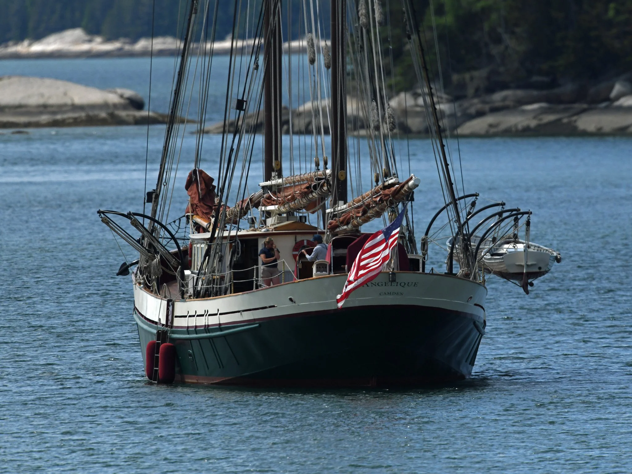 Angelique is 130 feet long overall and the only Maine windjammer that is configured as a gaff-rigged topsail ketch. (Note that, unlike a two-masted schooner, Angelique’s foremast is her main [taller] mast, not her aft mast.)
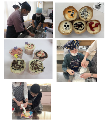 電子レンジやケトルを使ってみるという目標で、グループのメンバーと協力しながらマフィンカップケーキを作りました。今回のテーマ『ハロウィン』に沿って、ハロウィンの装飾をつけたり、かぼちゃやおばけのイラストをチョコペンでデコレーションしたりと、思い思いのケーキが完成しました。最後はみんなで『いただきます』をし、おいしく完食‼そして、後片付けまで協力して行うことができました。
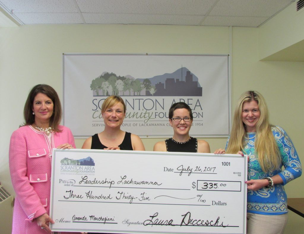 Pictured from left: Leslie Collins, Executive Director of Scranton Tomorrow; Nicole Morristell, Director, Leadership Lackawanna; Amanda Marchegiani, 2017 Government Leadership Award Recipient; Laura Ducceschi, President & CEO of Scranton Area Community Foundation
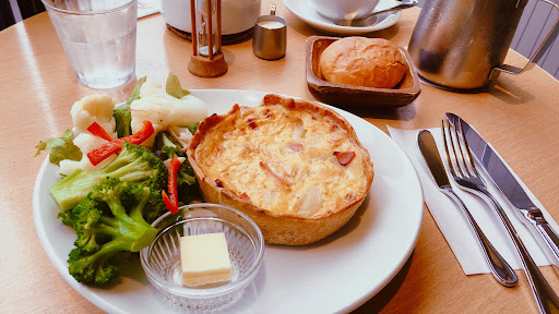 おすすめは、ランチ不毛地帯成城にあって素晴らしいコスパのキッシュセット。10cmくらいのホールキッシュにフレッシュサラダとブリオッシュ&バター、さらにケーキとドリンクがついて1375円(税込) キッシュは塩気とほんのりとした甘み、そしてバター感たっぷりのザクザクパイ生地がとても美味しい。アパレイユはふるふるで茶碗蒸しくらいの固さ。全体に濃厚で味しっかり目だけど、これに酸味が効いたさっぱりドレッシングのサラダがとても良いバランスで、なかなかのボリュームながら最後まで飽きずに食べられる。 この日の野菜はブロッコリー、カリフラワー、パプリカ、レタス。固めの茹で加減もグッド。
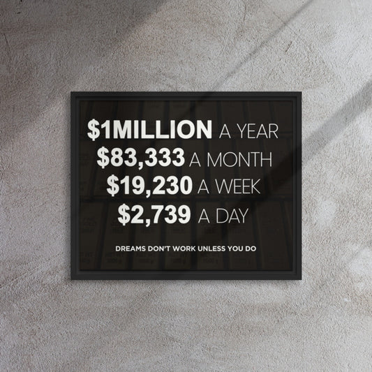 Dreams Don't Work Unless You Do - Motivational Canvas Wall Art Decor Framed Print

____

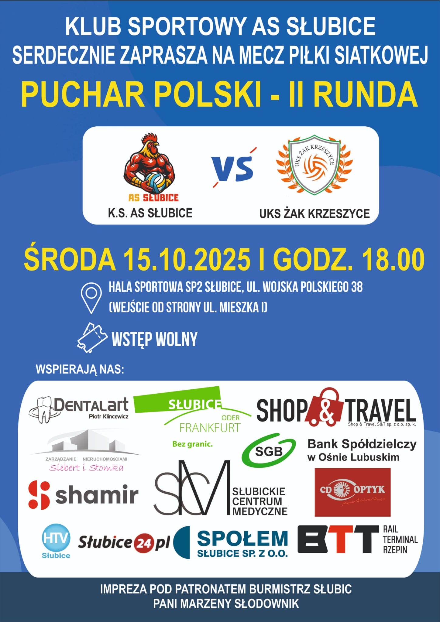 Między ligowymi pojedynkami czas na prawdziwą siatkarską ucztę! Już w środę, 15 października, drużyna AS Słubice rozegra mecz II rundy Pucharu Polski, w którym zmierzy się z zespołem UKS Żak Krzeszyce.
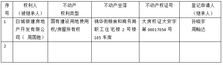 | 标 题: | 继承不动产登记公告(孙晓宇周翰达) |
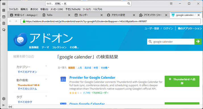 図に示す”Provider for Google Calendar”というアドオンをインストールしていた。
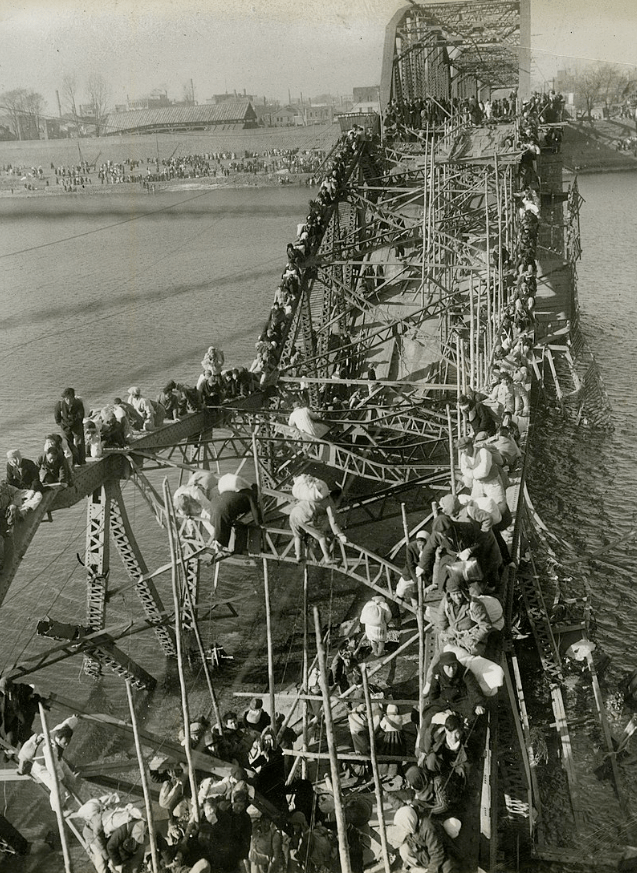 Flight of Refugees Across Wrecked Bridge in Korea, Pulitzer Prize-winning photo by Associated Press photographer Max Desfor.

____

[INSTRUCTIONS FOR THE TASK]:
Above are the records; please give again, exactly and in full, only the lines that run from the line with "Angelique is 130" through the line with "電子レンジやケトルを使ってみ", with no pictures.

[PROBLEM SOLUTION]:
 Angelique is 130 feet long overall and the only Maine windjammer that is configured as a gaff-rigged topsail ketch. (Note that, unlike a two-masted schooner, Angelique’s foremast is her main [taller] mast, not her aft mast.)
 電子レンジやケトルを使ってみるという目標で、グループのメンバーと協力しながらマフィンカップケーキを作りました。今回のテーマ『ハロウィン』に沿って、ハロウィンの装飾をつけたり、かぼちゃやおばけのイラストをチョコペンでデコレーションしたりと、思い思いのケーキが完成しました。最後はみんなで『いただきます』をし、おいしく完食‼そして、後片付けまで協力して行うことができました。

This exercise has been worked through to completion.